We estimate HIV prevalence and additional parameters using both ANC-RT and other existing data. Fitting HIV prevalence using synthetic data generally gives precise estimates of the underlying trend and other parameters. More years of ANC-RT data should improve prevalence estimates. More ANC-RT sites and continuation with existing ANC-UAT sites may improve the estimate of calibration between ANC-UAT and ANC-RT sites.

Conclusion

We have proposed methods to incorporate ANC-RT data into Spectrum to obtain more precise estimates of prevalence and other measures of the epidemic. Many assumptions about the accuracy, consistency, and representativeness of ANC-RT prevalence underlie the use of these data for monitoring HIV epidemic trends, and should be tested as more data become available from national ANC-RT programs.

Keywords: Statistical Models, HIV Prevalence, Antenatal Clinic Surveillance, Routine HIV Testing Among Pregnant Women

1. Introduction

For the past two decades, HIV sentinel surveillance has been conducted based on unlinked anonymous testing among pregnant women a selection of antenatal clinics (ANC-UAT). ANCs were selected as sentinel sites for convenience and geographic spread [1]. Since the early 2000s, ANC-UAT data have often been complemented in settings with the highest burden of HIV by prevalence data from nationally-representative population-based surveys (NPS) [2]. Both data sources are important inputs for HIV prevalence models in the Estimation and Projection Package (EPP) of the Joint United Nations Programme on AIDS (UNAIDS) supported Spectrum software tool [3].

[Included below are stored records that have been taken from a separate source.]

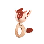 Une petite frimousse toute douce, un son joyeux et un anneau en bois à sucer font de ce hochet une expérience de chaque instant pour les tout-petits.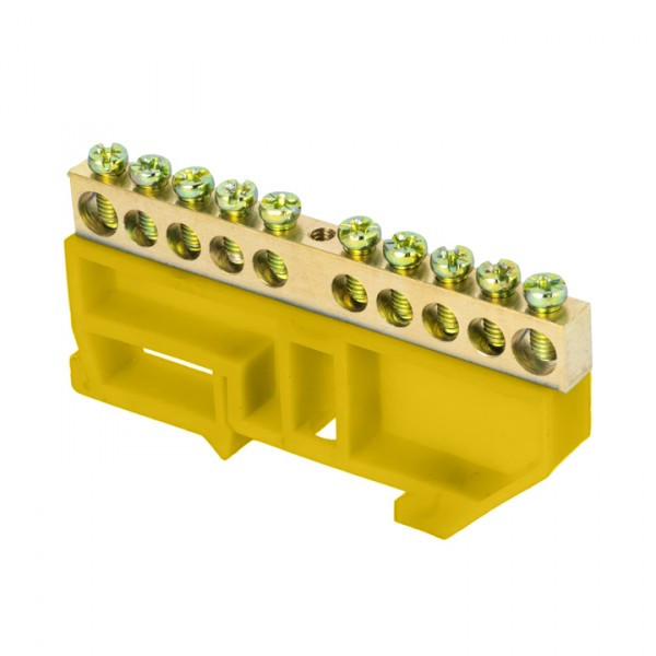 Шина "0" N (6х9мм) 10 отверстий латунь желтый изолятор на DIN-рейку EKF PROxima | sn0-63-10-dz | EKF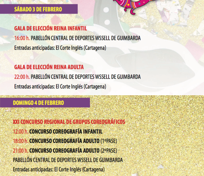 Este sábado es cuando se eligen las reinas infantil y adulta de la gran fiesta carnavalera en el pabellón central en dos galas distintas, comenzando una a las cuatro de la tarde y otra a las diez de la noche. En esta última se incluye también el combate dialéctico entre Don Carnal y Doña Cuaresma. En ambas hay actuaciones destacadas de chirigotas y coreografías de la edición anterior.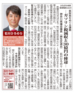 12月19日(金)、本日発行のタウンニュース多摩区・麻生区版に県政報告記事 かながわ未来県政報告Vol.61「 ガソリン税減収と30億円の使途 」を寄稿しました。ぜひご一読いただき、ご意見・ご要望お寄せ下さい。過去の掲載記事は下記アドレスをクリックして下さい。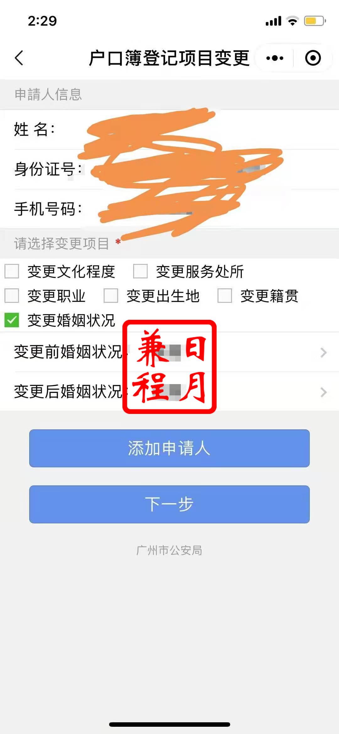 广州集体户户口变更婚姻状态办理案例

In August 2015, the World Health Organization (WHO) and UNAIDS released new guidelines recommending that countries transition from conducting ANC-UAT to using ANC routine testing (ANC-RT) data [4,5]. In the ANC-RT approach, HIV prevalence among pregnant women attending ANCs is drawn data routinely reported on a monthly or quarterly basis through existing HIV program monitoring systems. These data typically include the number of women attending their first antenatal visit, the number who are already known to be HIV positive, the number who are tested for HIV, and the number of those who test HIV positive. ANC-RT data have the potential to improve the representativeness of HIV prevalence estimates over ANC-UAT if coverage of HIV testing services at ANC and the quality and completeness of available data are consistently high. In this setting, prevalence trends are representative of all pregnant women, rather than among those from a non-representative sample of health facilities.

In anticipation of the 2015 recommendations, WHO and UNAIDS published guidelines in 2013 on how to assess and increase the use of ANC-RT data for surveillance purposes [6]. The primary focus of the assessment was to determine the quality of facility-based HIV testing services at ANCs and to provide additional support to improve services where required. The guidelines also recommended reviewing and improving processes for recording and reporting a minimum set of demographic and testing information required to interpret the estimates. Finally, countries were encouraged to explore how the switch from ANC-UAT to ANC-RT data might influence or shift HIV prevalence estimates after the transition period by comparing facility- and national-level ANC-UAT and ANC-RT data. With this final recommendation, it was recognized that in addition to the usual caveat of using ANC-UAT data to monitor general population trends, specifically, that HIV prevalence trends among pregnant women might reflect changes in the fertility patterns of infected women rather than true population trends [7, 8, 9, 10], use of ANC-RT data poses some further considerations:

  1. The ‘routine’ nature of the data could lead to more errors in recording or reporting, delays or incomplete reporting by some facilities, and variation in the coverage or quality of data ascertainment over time or location.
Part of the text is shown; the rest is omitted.